Everything in the data except the pictures belongs in your answer, copied exactly.

** THE DATA follows **

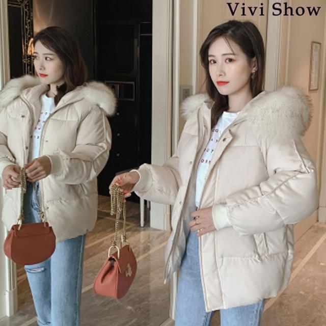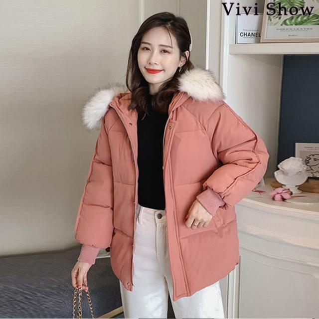 ダウンジャケット レディース 中綿ジャケット 長袖 フード付き ファー付き 無地 ゆったり 人気ファッション 暖かい
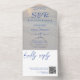 Blue & white all in one wedding invitation beach background photo. Personalize it with your event details and your wedding registry QR code.
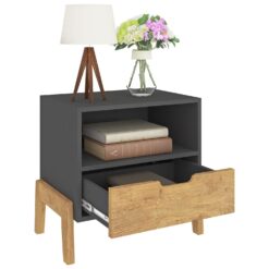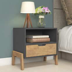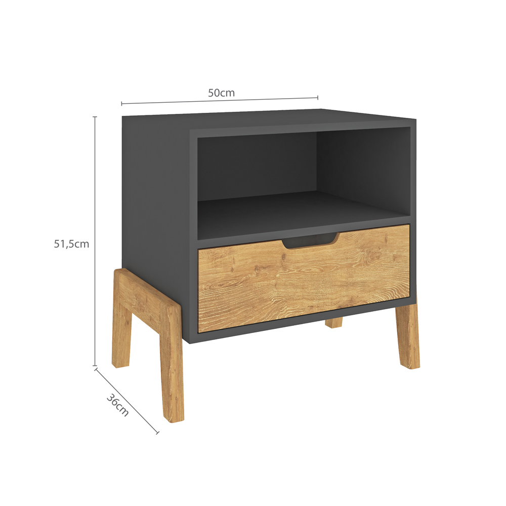 Mesa De Luz 1 Cajon Frente De Madera Y Patas Linea Retro Grafito
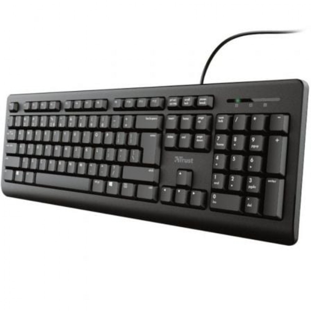 Apostar por lo básicoHay teclados de todas las formas y medidas, ¿pero qué pasa si uno solo quiere algo básico? Eso es lo que ofrece exactamente el TK-150 de Trust. Tiene un diseño de tamaño completo, teclas resistentes al vertido de líquidos y permite ajustar su altura. Incluso se suministra en un paquete fácil de abrir y sostenible, con lo que se contribuye a respetar el medio ambiente y se ahorra tiempo. El teclado TK-150 responde exactamente a las necesidades de cada usuario.ComodidadUn buen teclado tiene que resultar cómodo. Las teclas de perfil bajo de este teclado de tamaño completo y los soportes plegables proporcionan precisamente la comodidad necesaria que facilita la concentración en el trabajo. No hay que preocuparse de si cae algún líquido en el teclado TK-150, ya que su diseño resistente a los vertidos permite seguir trabajando sin problemas. Así que sírvase otra taza de café y a por todas.FácilConecte el cable USB de 180 cm y listo. Cuando hay trabajo por hacer, a nadie le gusta tener que preocuparse por la instalación de software o la configuración de macros. El teclado TK-150 es un caballo de batalla que permite centrarse en el trabajo.
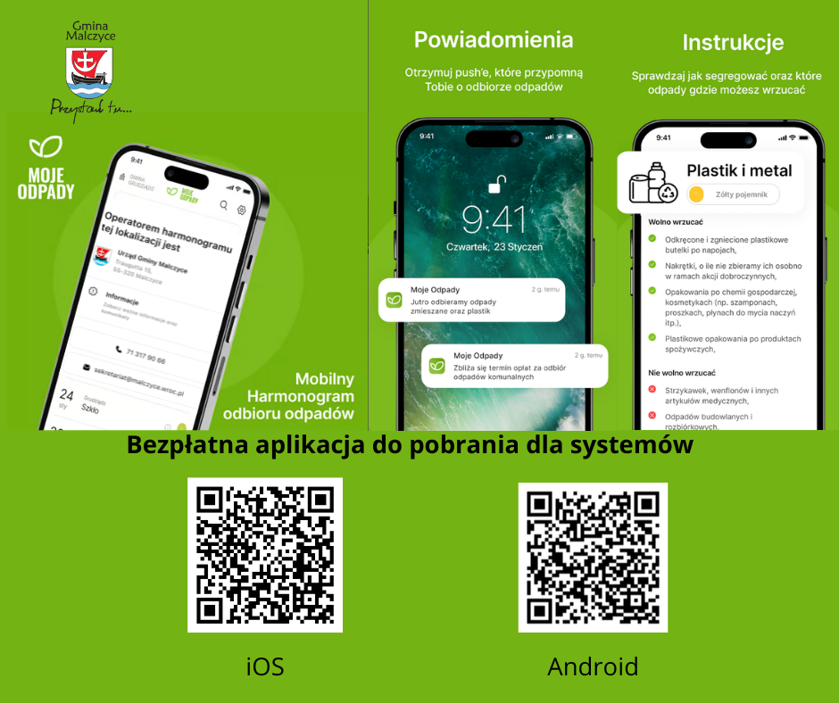APLIKACJA MOJE ODPADY! Bezpłatna aplikacja dla mieszkańców Gminy Malczyce!
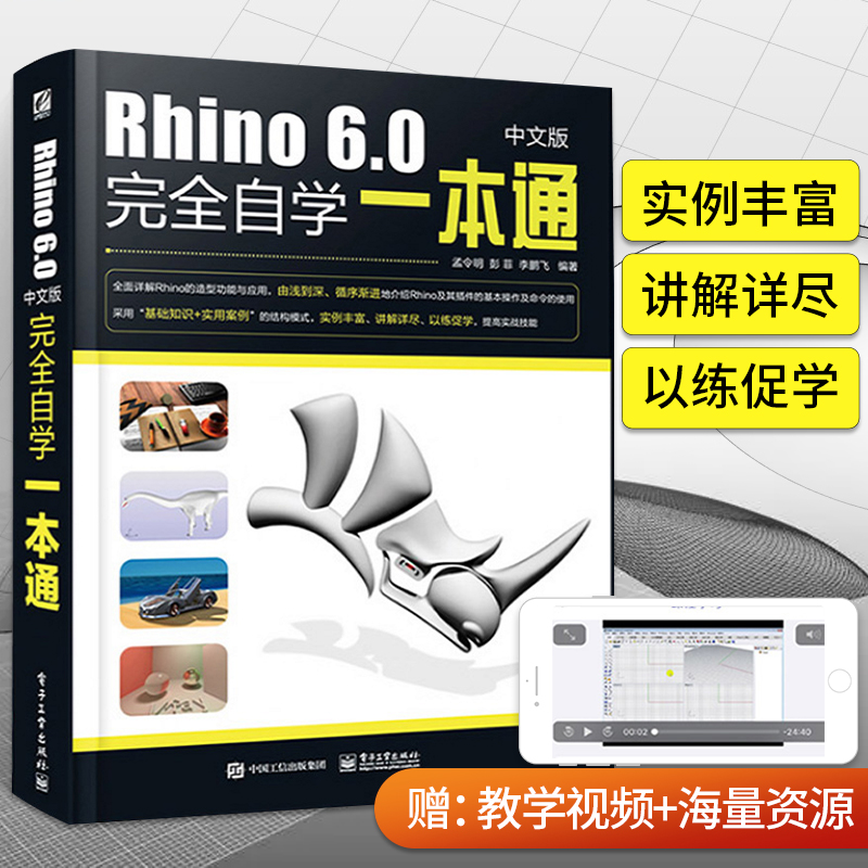 Rhino教程书Rhino6.0中文版 犀牛工业产品动画场景概念造型设计工具书三维机械曲面建模视图操作绘制3dsmax教程书籍 完全自学一本通

** End of THE DATA **

→ RESPONSE:
 ダウンジャケット レディース 中綿ジャケット 長袖 フード付き ファー付き 無地 ゆったり 人気ファッション 暖かい
 Blue & white all in one wedding invitation beach background photo. Personalize it with your event details and your wedding registry QR code.
 Mesa De Luz 1 Cajon Frente De Madera Y Patas Linea Retro Grafito
 Apostar por lo básicoHay teclados de todas las formas y medidas, ¿pero qué pasa si uno solo quiere algo básico? Eso es lo que ofrece exactamente el TK-150 de Trust. Tiene un diseño de tamaño completo, teclas resistentes al vertido de líquidos y permite ajustar su altura. Incluso se suministra en un paquete fácil de abrir y sostenible, con lo que se contribuye a respetar el medio ambiente y se ahorra tiempo. El teclado TK-150 responde exactamente a las necesidades de cada usuario.ComodidadUn buen teclado tiene que resultar cómodo. Las teclas de perfil bajo de este teclado de tamaño completo y los soportes plegables proporcionan precisamente la comodidad necesaria que facilita la concentración en el trabajo. No hay que preocuparse de si cae algún líquido en el teclado TK-150, ya que su diseño resistente a los vertidos permite seguir trabajando sin problemas. Así que sírvase otra taza de café y a por todas.FácilConecte el cable USB de 180 cm y listo. Cuando hay trabajo por hacer, a nadie le gusta tener que preocuparse por la instalación de software o la configuración de macros. El teclado TK-150 es un caballo de batalla que permite centrarse en el trabajo.
APLIKACJA MOJE ODPADY! Bezpłatna aplikacja dla mieszkańców Gminy Malczyce!
 Rhino教程书Rhino6.0中文版 犀牛工业产品动画场景概念造型设计工具书三维机械曲面建模视图操作绘制3dsmax教程书籍 完全自学一本通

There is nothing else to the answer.